Despite this, the criteria for assistance are still based on models that do not fit this reality. A self-employed person who lost all her clients overnight will not receive assistance if she does not have a lease. Someone who was forced to purchase basic necessities for her home because there was nothing to live on will be considered as not being harmed, because the expense is not "business." And even when assistance is provided, it is sometimes in tiny amounts. This is technical assistance to a business that fits the state's definitions, not the reality on the ground.
When the government treats all businesses as one unified entity, it forgets the majority: the self-employed who work without a paycheck, without employees, without unemployment benefits when their jobs disappear, and without the backing of a corporation. They are transparent to the system – and are not counted. The outline was built from a formal-budgetary perspective, and not from an understanding that the business is a direct source of income. The real question is not how much money was transferred – but how many businesses will survive the coming months, and how to ensure that this happens.
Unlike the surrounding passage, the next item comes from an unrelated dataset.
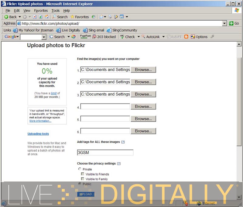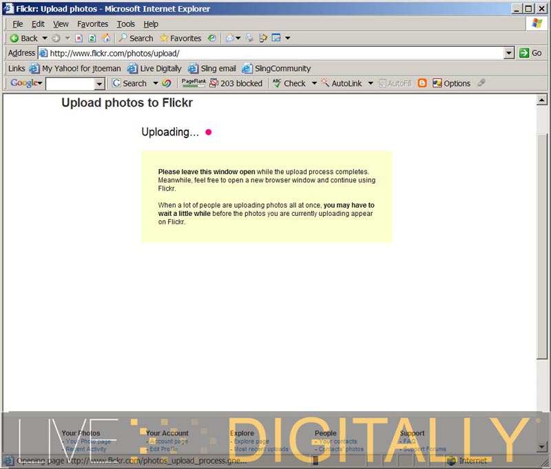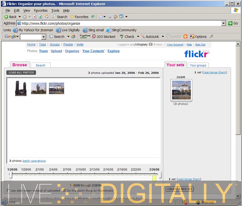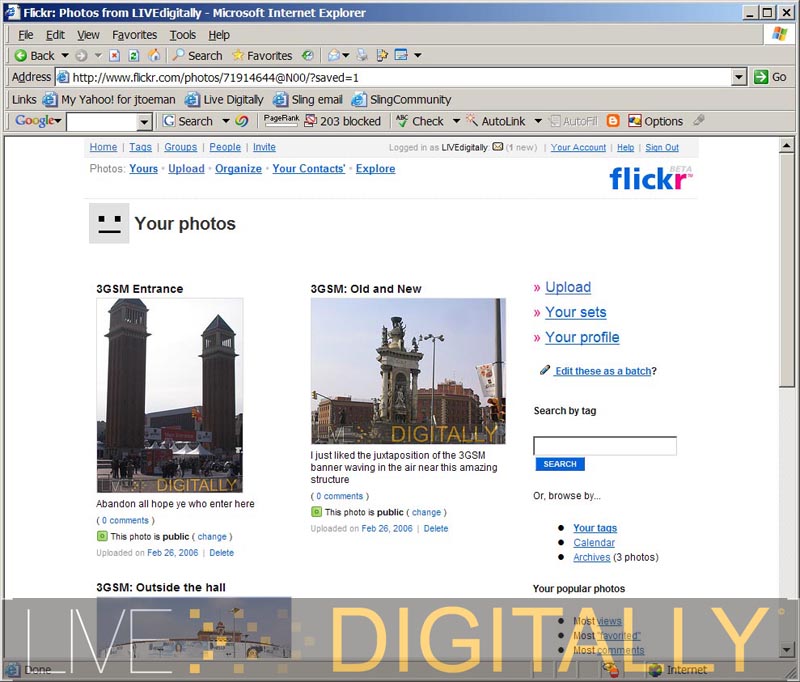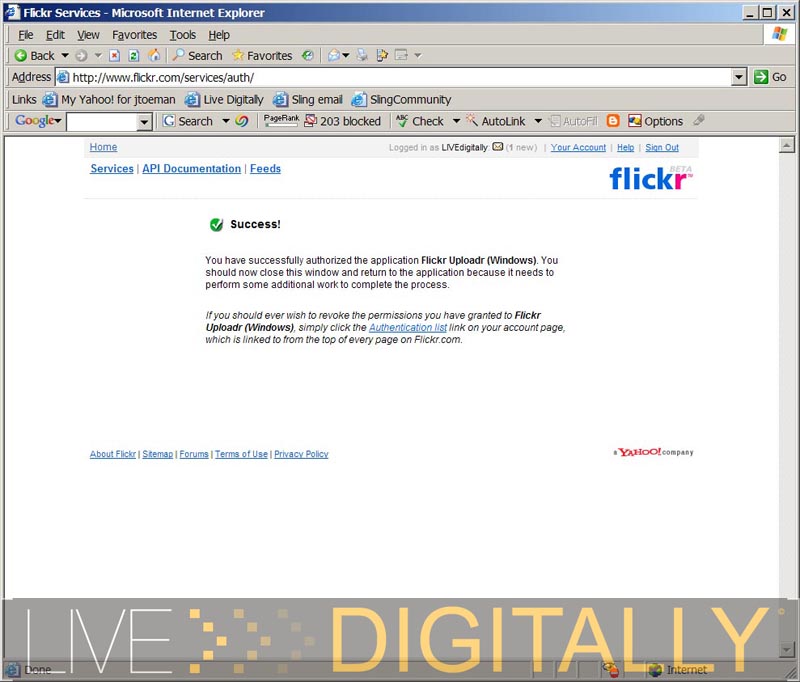 You can see the step-by-step photos of me getting going with flickr. I actually timed the entire process, which took a grand total of 10:15 to get a batch of photos uploaded, tagged, and active on my flickr site!

The allocated budget hardly reaches businesses that have no rent, employees, or inventory – as if a business without formal expenses is a business that is not affected. In practice, the main expense of a freelancer is the very ability to exist. Therefore, when there are no "known" expenses, there is also no compensation – even if income has completely collapsed. It is true that employees are also affected during such periods, but at least they have the option of unemployment benefits. Self-employment has almost no safety net.
It's time for a profound change. Small businesses are not marginal – they are the infrastructure. Women who run them support families, strengthen local trading communities and provide essential services. And when they fall – the entire economy pays the price. A strong economy is not built on uniformity but on understanding diversity. Not every business is a limited liability company, and not every income appears on an official form. If policy continues to suit only the big ones – we will find ourselves in a country where only the big ones survive.
We at Future Initiatives meet these women every day. They are brave and enterprising, but they too have their limits. They are not asking for mercy, but for a framework that understands that it is precisely those who appear transparent who are sometimes the ones who sustain the Israeli economy when the storm hits. The result is clear: once again, hundreds of thousands of women are left outside the envelope of aid.